- _GIVEN MATERIAL_:
Content starts
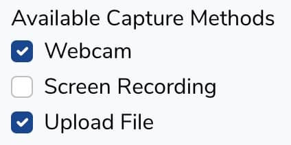 Videos can be collected on both desktop, tablet, and mobile. Users have the option to record a video live, record their screen, or upload a video they recorded previously.
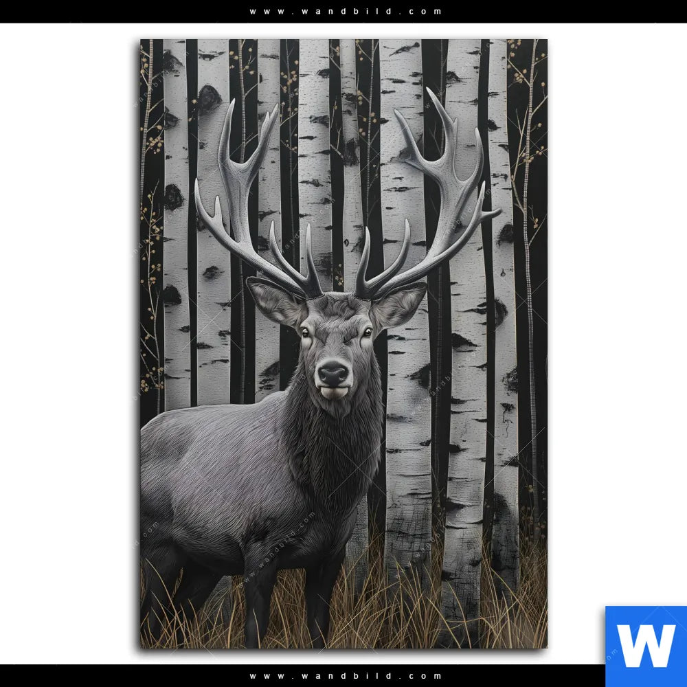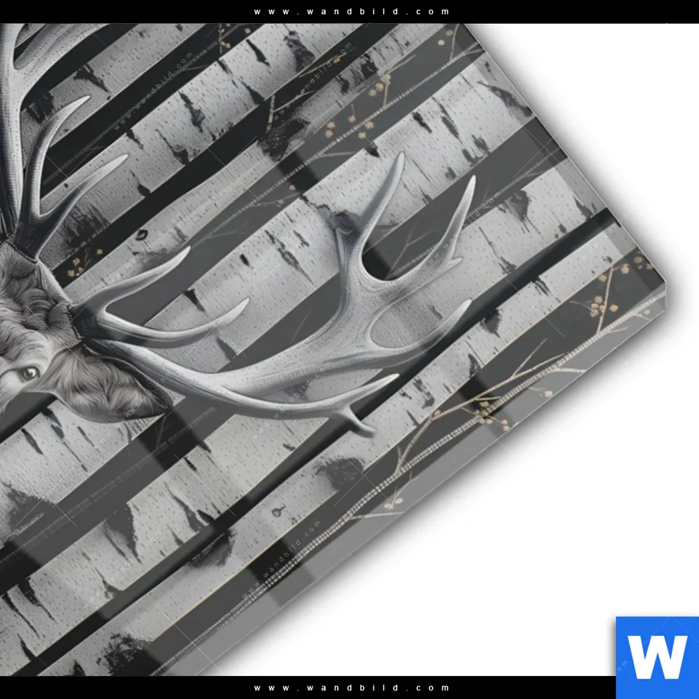 Acrylglasbild | Hirschporträt vor Birken | Hochformat
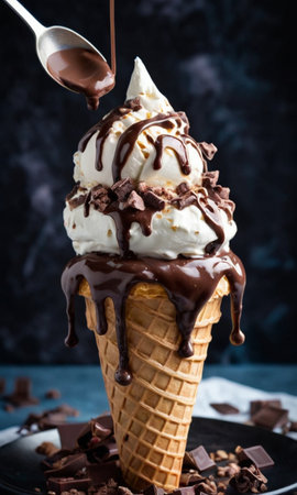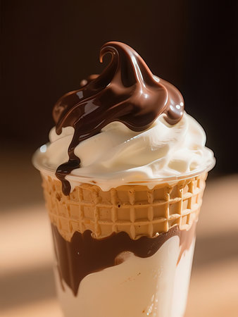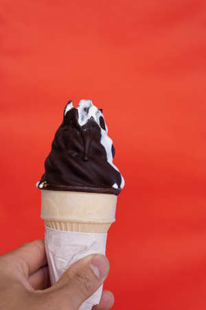 Vanilla and chocolat soft ice cream waffled cone in young hand
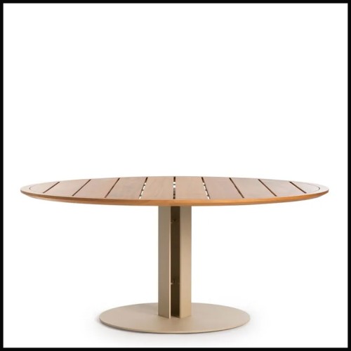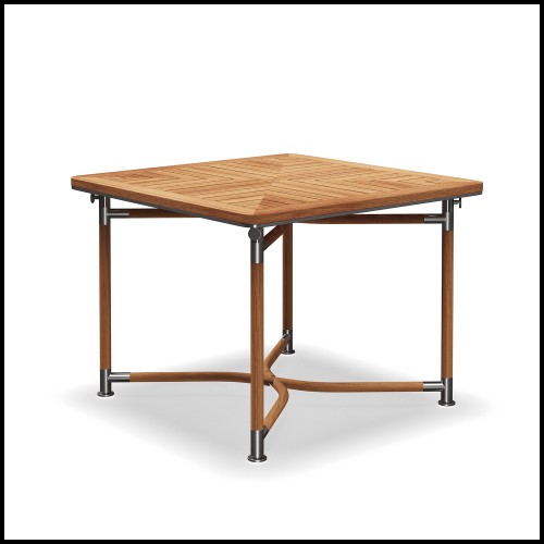 Le teck grade A, sélectionné pour sa densité exceptionnelle et sa résistance naturelle aux intempéries, constitue la base de nombreux de nos modèles. Un plateau en verre trempé, traité anti-UV, apporte légèreté et modernité. L'aluminium thermolaqué et l'acier inoxydable 316L garantissent quant à eux une tenue parfaite face aux conditions extérieures.
Content ends
- _TASK ITEM_: Set down the material exactly as given, but print none of the pictures.

- _OUTPUT FOR THIS TASK_:
 Videos can be collected on both desktop, tablet, and mobile. Users have the option to record a video live, record their screen, or upload a video they recorded previously.
 Acrylglasbild | Hirschporträt vor Birken | Hochformat
 Vanilla and chocolat soft ice cream waffled cone in young hand
 Le teck grade A, sélectionné pour sa densité exceptionnelle et sa résistance naturelle aux intempéries, constitue la base de nombreux de nos modèles. Un plateau en verre trempé, traité anti-UV, apporte légèreté et modernité. L'aluminium thermolaqué et l'acier inoxydable 316L garantissent quant à eux une tenue parfaite face aux conditions extérieures.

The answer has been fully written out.